Boy this topic couldn't come fast enough. Life is moving at a pace I've come to call "dedicated frenzy" and my job as a political blogger and teacher has not left a lot of room for laughs. Seriously. Even my political satire workshop with the ever awesome Lizz Winstead failed to bring a bust-at-the-seams kind of laugh and instead delivered more of the if-I-don't-laugh-now-I'll-cry brand of catharsis.
So thank the goddess for children.
In particular thank the goddess for my son who has transformed from child to boy before my eyes. Just last week he discovered the simplest of childhood joys--running around the neighborhood with a gang of other kids. I'm sure this discovery coincided with the onset of a reluctant spring in Minnesota, but I don't care. This worn-out parent is just glad it happened.
But (there's always a but) my relief came with a few qualifications. I've been pearl-clutching over some safety basics, though to my son's credit he has shown a willingness to indulge his mother's nerves. And I'm a little concerned that the kids he plays with are older than him--by a couple grades in school.

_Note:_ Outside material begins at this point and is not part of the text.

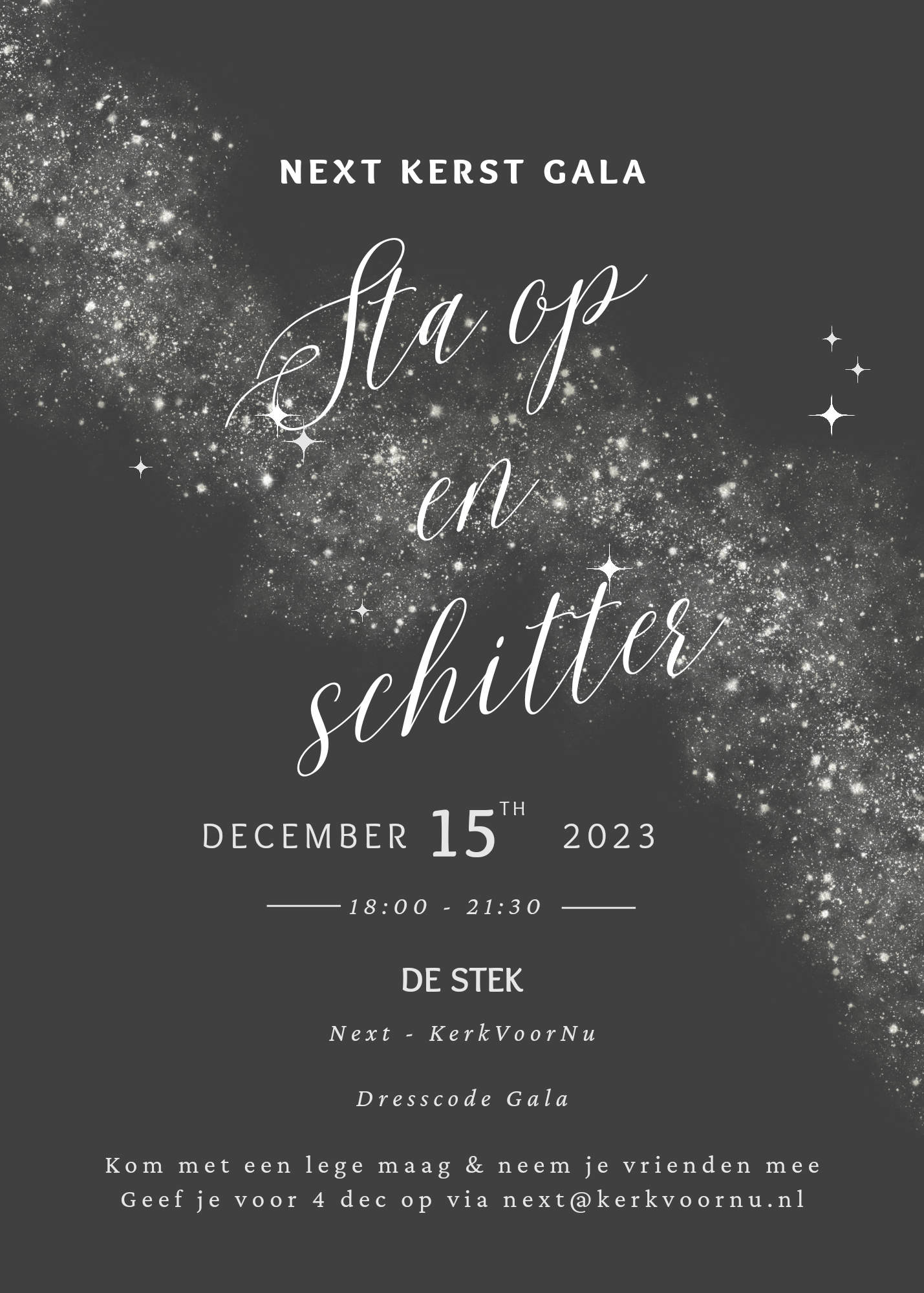 Ben jij tussen de 12 en 18 jaar oud en houd je wel van een feestje? Noteer dan vrijdag 15 december alvast in je agenda. Om 18.00 uur begint het NEXT Kerstgala met het thema "Sta op en schitter." Kom met een lege maag, want we beginnen met een heerlijke maaltijd. Daarna gaan we natuurlijk de dansvloer op.

My boy, my first one is as sheltered as you would expect my child to be (hey, if I'm anything I'm aware and comfortable in my own neurosis), so the idea that he's playing with boys who are more experienced, under loser rules and supervision makes me nervous.
It's also given me my new favorite phrase: juicy nibbles.
Just what are juicy nibbles? Well, here it goes.
A couple nights ago I was getting the de-brief from my son after an afternoon playing with the neighborhood boys. They were riding bikes, playing light sabers and doing the things you'd expect boys age 6-9 to do. And in the course of those events one of the boys got hot and took his shirt off. The other, older boy said (I'm assuming) "haha Greg I can see your juicy nipples."
But what my son heard, and shared with us was "juicy nibbles."
He was so proud of the fact that he had been privy to this older-boy moment, and frankly I was too busy trying not to laugh out loud and pee my pants that we haven't yet explained to him that nibbles are nipples. But we're going to need to do so soon because it's a phrase that has caught on. While changing the five-month-old my son quipped "there are Olive's nibbles". Or as he's figuring out the intracies of nursing asked "why does daddy have nibbles?"
Why does daddy have nibbles? Your guess is as good as mine.